Tulang dada : Rasio panjang dari manubrium sterni dan korpus sterni menentukan jenis
kelamin. Pada wanita manubrium sterni melebihi separuh panjang korpus sterni; dan ini
mempunyai ketepatan sekitar 80%.
Tulang panjang : Pria pada umumnya memiliki tulang yang lebih panjang, lebih berat, dan
lebih kasar, serta impresinya lebih banyak. Tulang paha (Os.Femur) merupakan tulang
panjang yang dapat diandalkan dalam penentuan jenis kelamin. Ketepatannya pada orang
dewasa sekitar 80%. Konfigurasi, ketebalan, ukuran dan caput femoris serta bentukan dari
otot dan ligament serta perangai radiologis perlu diperhatikan.

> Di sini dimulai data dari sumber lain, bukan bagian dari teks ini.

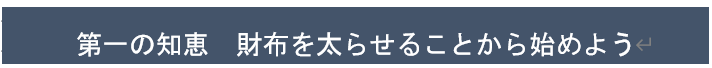 第一の知恵は、「財布に10枚のコインを入れたなら、使うのは9枚まででやめておく」という非常にシンプルなものです。
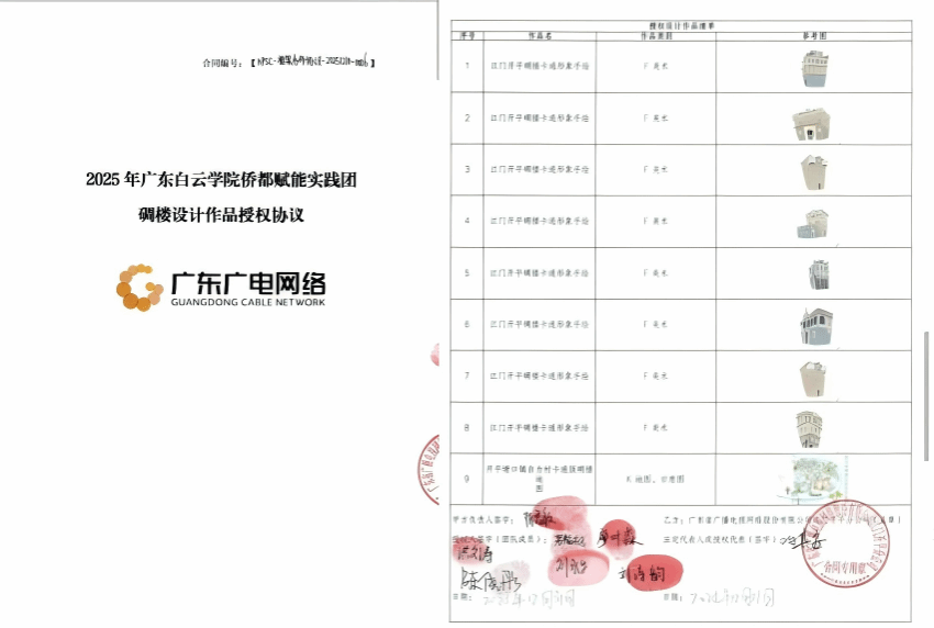 紧扣实践目标,团队始终坚持调研与实践深度融合、成果与落地同步推进,切实把实地调研所得转化为推动塘口镇文旅发展的实际成效。团队立足塘口侨乡文化底蕴与资源特色,精心打造塘口镇专属文化IP,着力树立辨识度高、感染力强的地域文旅新标识,让本土文化基因转化为可感知、可传播、可体验的文旅品牌符号;积极搭建校地合作桥梁,主动对接优质社会资源,成功与广东广电网络达成深度合作并完成签约,进一步打通高校智力资源、地方发展需求与企业平台优势,开启校地协同、资源共享、互利共赢的新篇章;

1.3. Fase 3: Fase pengumpulan data jenazah Ante Mortem/Ante Mortem Information
Retrieval
Pada fase ini dilakukan pengumpulan data mengenai jenazah sebelum kematian. Data ini
biasanya diperoleh dari keluarga jenazah maupun orang yang terdekat dengan jenazah.1,8
Kegiatan : 1
1. menerima keluarga korban;
2. mengumpulkan data‐data korban semasa hidup seperti foto dan lain-lainnya yang
dikumpulkan dari keluarga terdekat yang kehilangan anggota keluarganya dalam bencana
tersebut;
3. mengumpulkan data‐data korban dari instansi tempat korban bekerja, RS/Puskesmas/Klinik,
dokter pribadi, dokter yang merawat, dokter‐dokter gigi pribadi, polisi (sidik jari), catatan
sipil, dll;
4. data‐data Ante Mortem gigi‐geligi;
a. data‐data Ante Mortem gigi‐geligi adalah keterangan tertulis atau gambaran dalam kartu
perawatan gigi atau keterangan dari keluarga atau orang yang terdekat;
b. sumber data‐data Ante Mortem tentang kesehatan gigi diperoleh dari klinik gigi RS
Pemerintah, TNI/Polri dan Swasta; lembaga‐lembaga pendidikan
Pemerintah/TNI/Polri/Swasta; praktek pribadi dokter gigi.
5 mengambil sampel DNA pembanding;
6 apabila diantara korban ada warga Negara asing maka Data‐data Ante Mortem dapat diperoleh
melalui perantara Set NCB Interpol Indonesia dan perwakilan Negara asing
(kedutaan/konsulat);
7 memasukkan data‐data yang ada dalam formulir Interpol DVI AM;
8 mengirimkan data‐data yang telah diperoleh ke Unit Pembanding Data.
1.4. Fase 4 : Fase Analisa/Reconciliation
Pada fase ini dilakukan pembandingan data post mortem dengan data ante mortem.
Ahli forensik dan profesional lain yang terkait dalam proses identifikasi menentukan apakah
temuan post mortem pada jenazah sesuai dengan data ante mortem milik korban yang
dicurigai sebagai jenazah. Apabila data yang dibandingkan terbukti cocok maka dikatakan
identifikasi positif atau telah tegak. Apabila data yang dibandingkan ternyata tidak cocok
maka identifikasi dianggap negatif dan data post mortem jenazah tetap disimpan sampai
ditemukan data ante mortem yang sesuai dengan temuan post mortem jenazah.1,6,8
Kegiatan :1
1) mengkoordinasikan rapat‐rapat penentuan identitas korban mati antara Unit TKP, Unit Post
Mortem dan Unit Ante Mortem;
2) mengumpulkan data‐data korban yang dikenal untuk dikirim ke Rapat Rekonsiliasi;
3) mengumpulkan data‐data tambahan dari Unit TKP, Unit Post Mortem dan Unit Ante
Mortem untuk korban yang belum dikenal;
4) membandingkan data Ante Mortem dan Post Mortem;
5) check and Recheck hasil Unit Pembanding Data;
6) mengumpulkan hasil identifikasi korban;
7) membuat sertifikat identifikasi, surat keterangan kematian untuk korban yang dikenal dan
surat‐surat lainnya yang diperlukan;
8) publikasi yang benar dan terarah oleh Unit Rekonsiliasi sangat membantunmasyarakat untuk
mendapatkan informasi yang terbaru dan akurat.